Monday, June 11, 2007

Emotions

Many people have asked me in the last few weeks...."Are you excited? Are you scared? Are you sad to leave?" I have to admit that I am not excited, scared or sad.

I know, without a doubt, that I am supposed to go to South Africa. I cannot imagine staying in the US....it is just so right to go.

I am not excited yet...there is too much to do right now that I cannot begin to see into the future. And I think it may be best to show up with no expectations. I'll just take things as they come. I am eager to go and see how I can help those children. I am eager to get started so there are answers to all of my "what will it be like" questions.

I am not scared. You can read many things about Johannesburg that are not encouraging or positive....but I have no fear.
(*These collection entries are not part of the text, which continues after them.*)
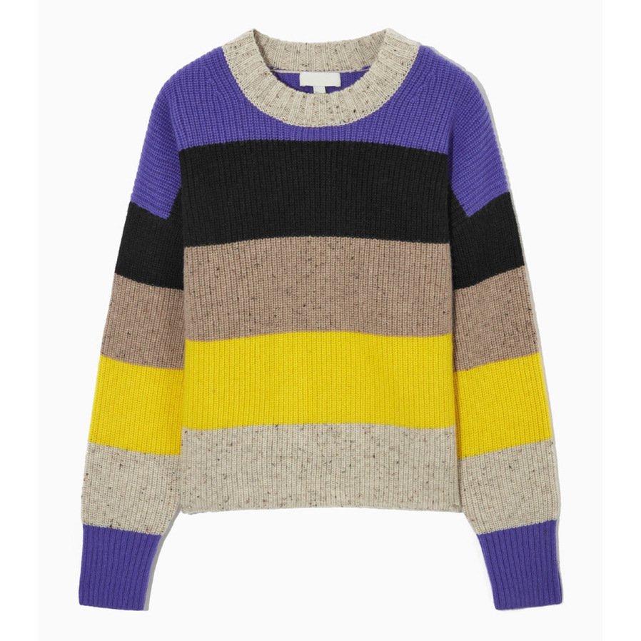 재고 있음 CS 여성복 표준 핏 골지 패턴 배색 울 스웨터 겨울 1154431001
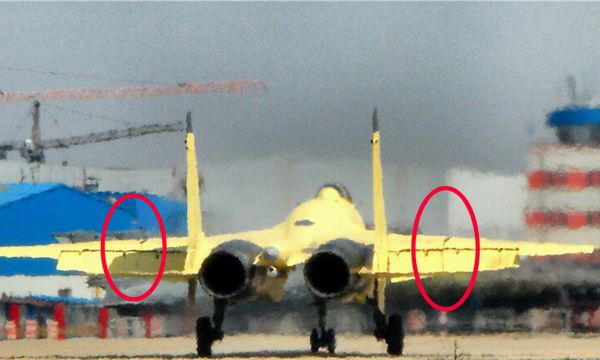 環球網資料圖:網友拍攝的殲-15試飛圖可折疊機翼折縫清晰可見。
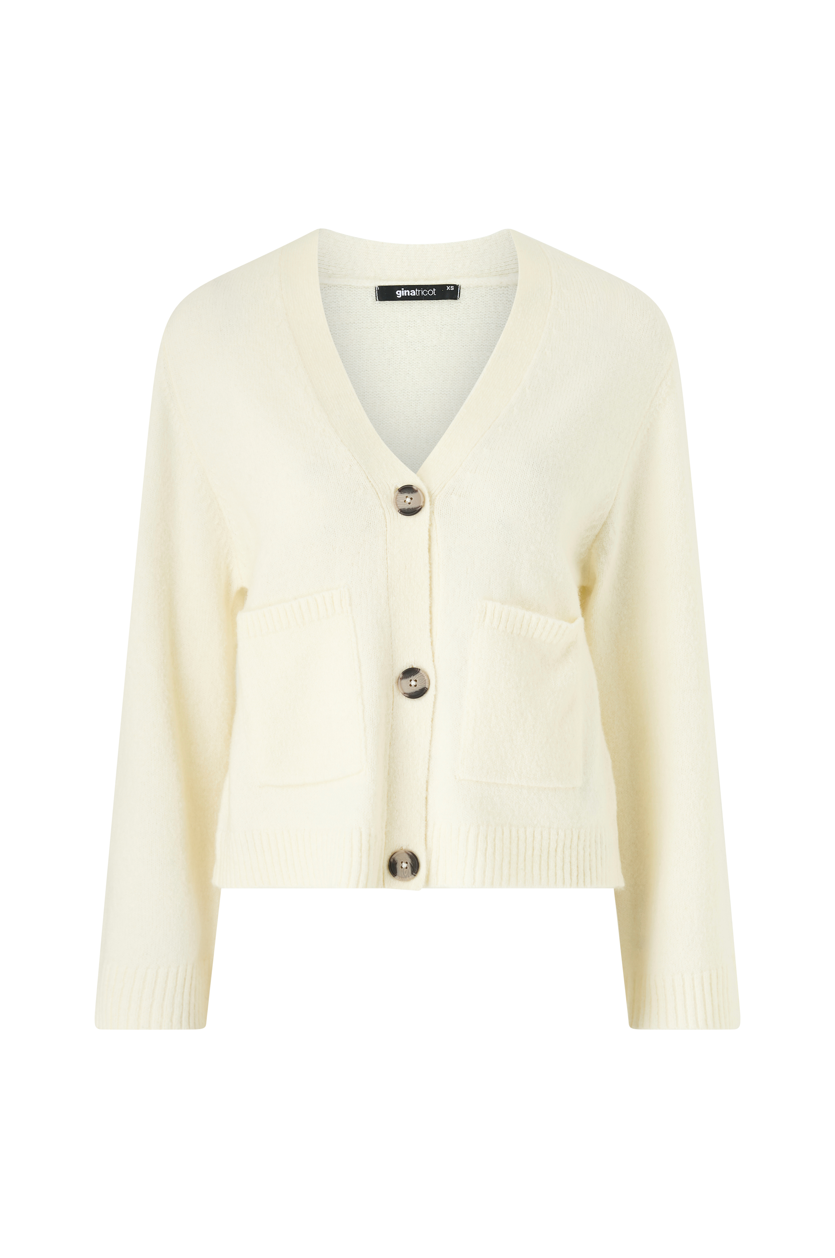 • Strikket cardigan med v-udskæring• Nedsænkede skuldre• Lange ærmer• Knaplukning• To lommer• Ribstrik ved manchetterne og ved nederste kant• Afslappet pasform
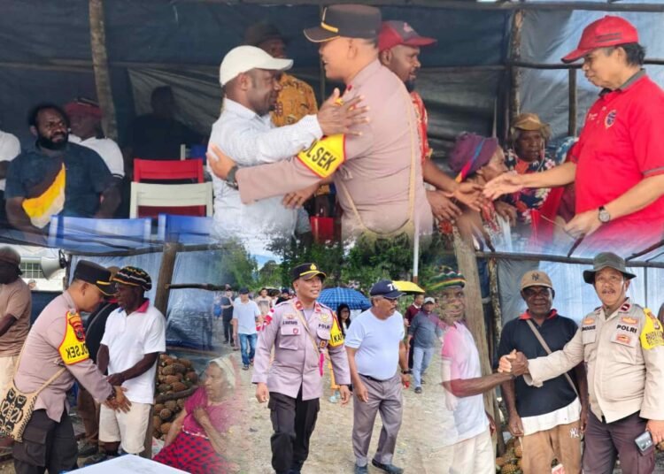 Papua – Dalam upaya mempererat hubungan antara aparat keamanan dan masyarakat, Kapolsek Bokondini Ipda Eko Haryanto, S.H. bersama personel Bhabinkamtibmas Polsek Bokondini melaksanakan kegiatan sambang dan menyerahkan bantuan untuk pembangunan Gedung Gereja Yerusalem yang berlokasi di Lapangan Sepak Bola Distrik Bokondini, Kabupaten Tolikara, Senin (06/10/2025).
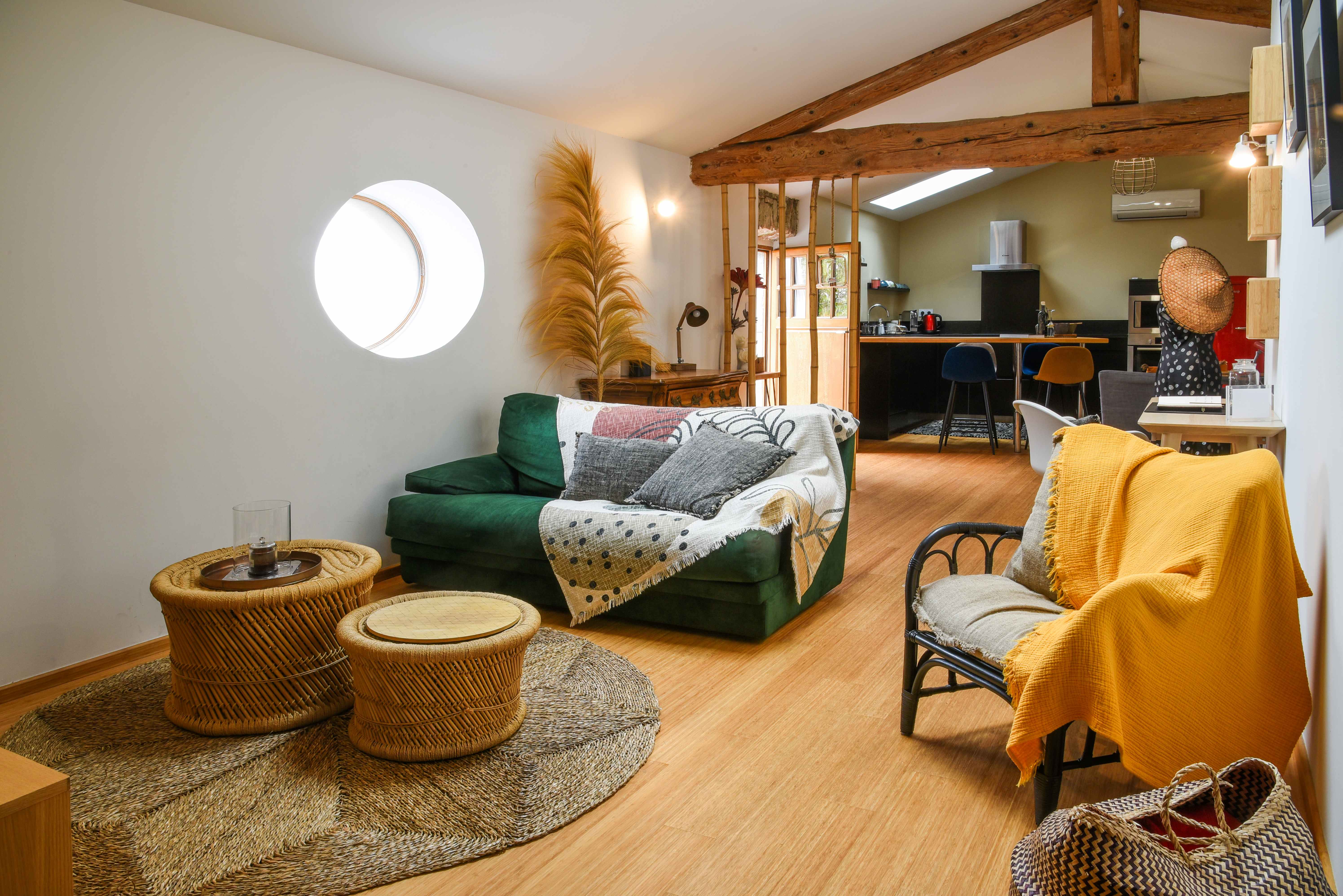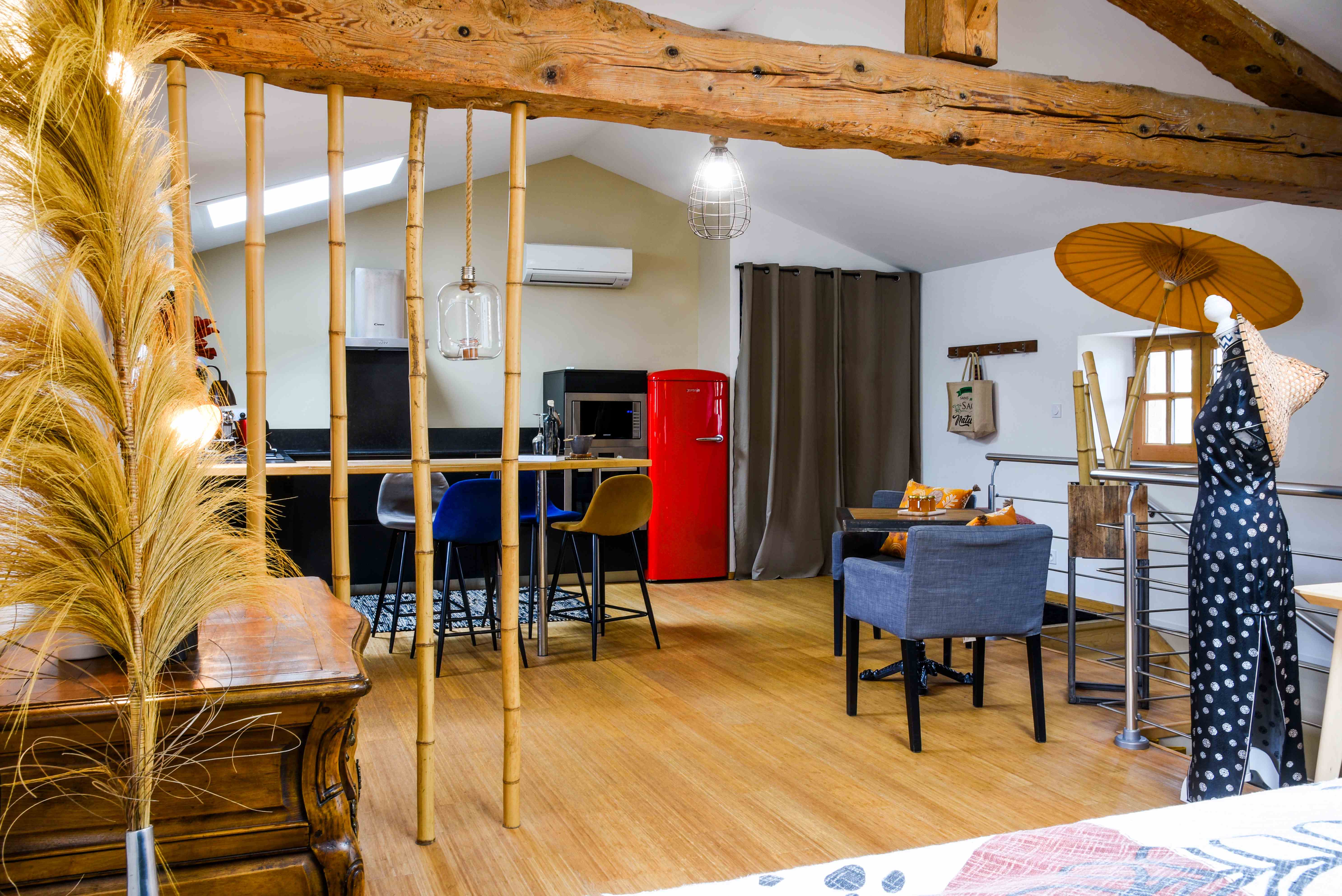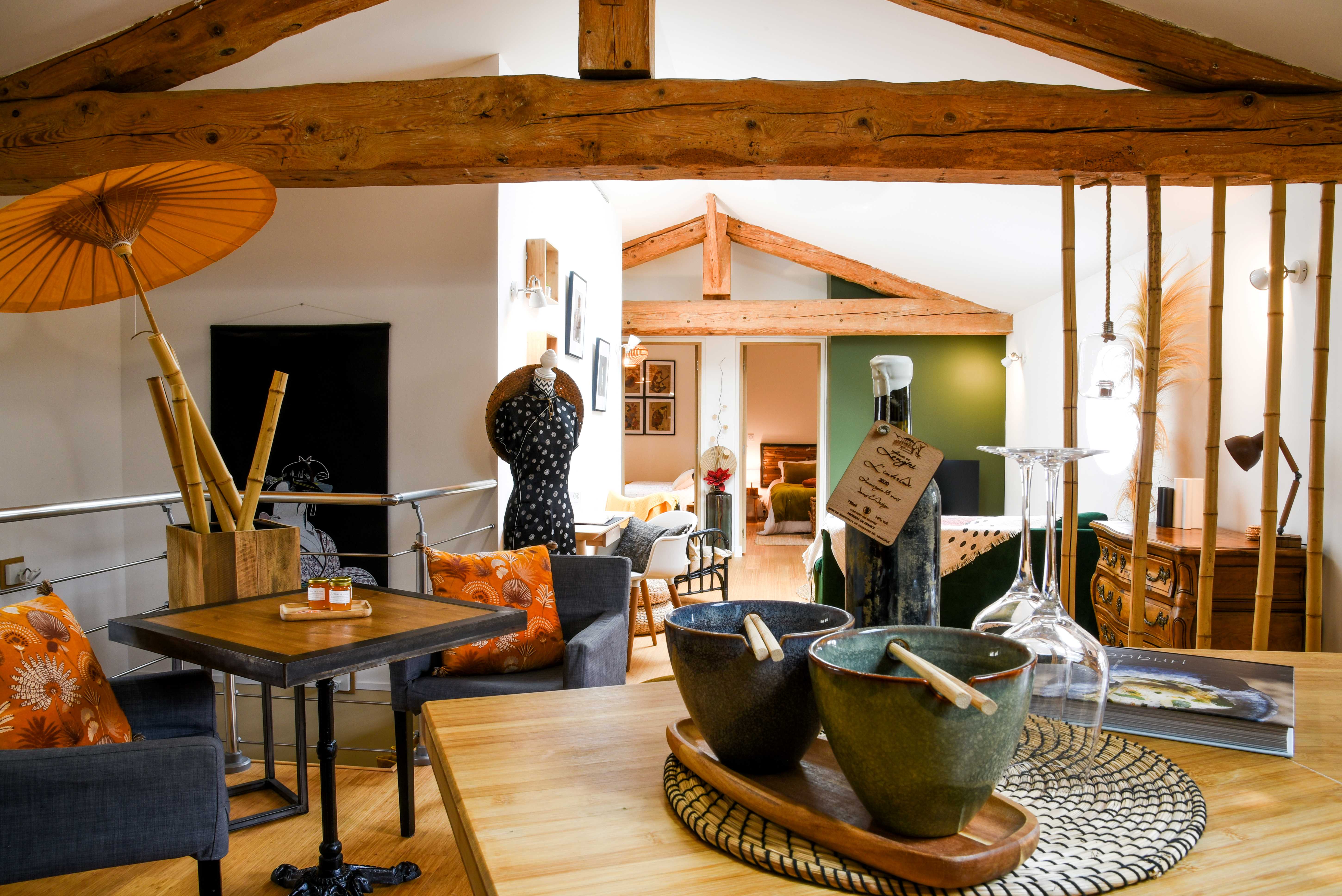Dès l’entrée, on est séduit par l’ensemble qui combine un restaurant à l’atmosphère chaleureuse, une touche asiatique mêlée aux produits locaux, un jardin clos avec une piscine privée et votre location de vacances. Le sol en bambou, les poutres apparentes et la terrasse, idéale pour prolonger les moments de détente, ajoutent à l’attrait du lieu. L’accès à la bâtisse se fait par un porche, où se trouve une entrée indépendante et sécurisée au rez-de-chaussée. Ce gîte offre une expérience autonome et intime.
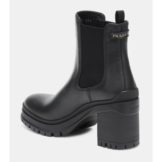 Put a tough-luxe spin on autumnal looks with these black ankle boots from Prada. Made in Italy from calf leather, they have elasticated side gussets for easy on-off wear, and are set on chunky block heels with rubber treads. Showcase yours with skinny jeans and breezy dresses alike.

I know God has called me there, and I know He will protect me while I am there.

Am I sad? I think a part of me is sad....but not like I expected to be. I think the sadness comes from knowing that I will never be in the US and see it as I see it now. None of my favorite places will be the same when I get back. Although things may change physically, I think things will be different because I will be looking at them with different eyes.

But more than sad, I think I feel lonely. I know my friends and family in the US will miss me....but they still have their life, their family and their friends. I'm one small factor in their life that will change. But I am going off by myself. My location, vocation, and daily life will change....AND I will not have my family and friends close by....ALL factors of my life will change. I think this feeling of loneliness is a normal part of leaving. But its pretty tough.

Please pray for me. Pray that God is preparing good friends for me in South Africa. Pray that I will be able to pack everything I need and stick well with in the baggage limits. Pray that the flights be smooth. Pray that I will adjust to a new time zone well.

Thanks for your prayers!! I know they are working.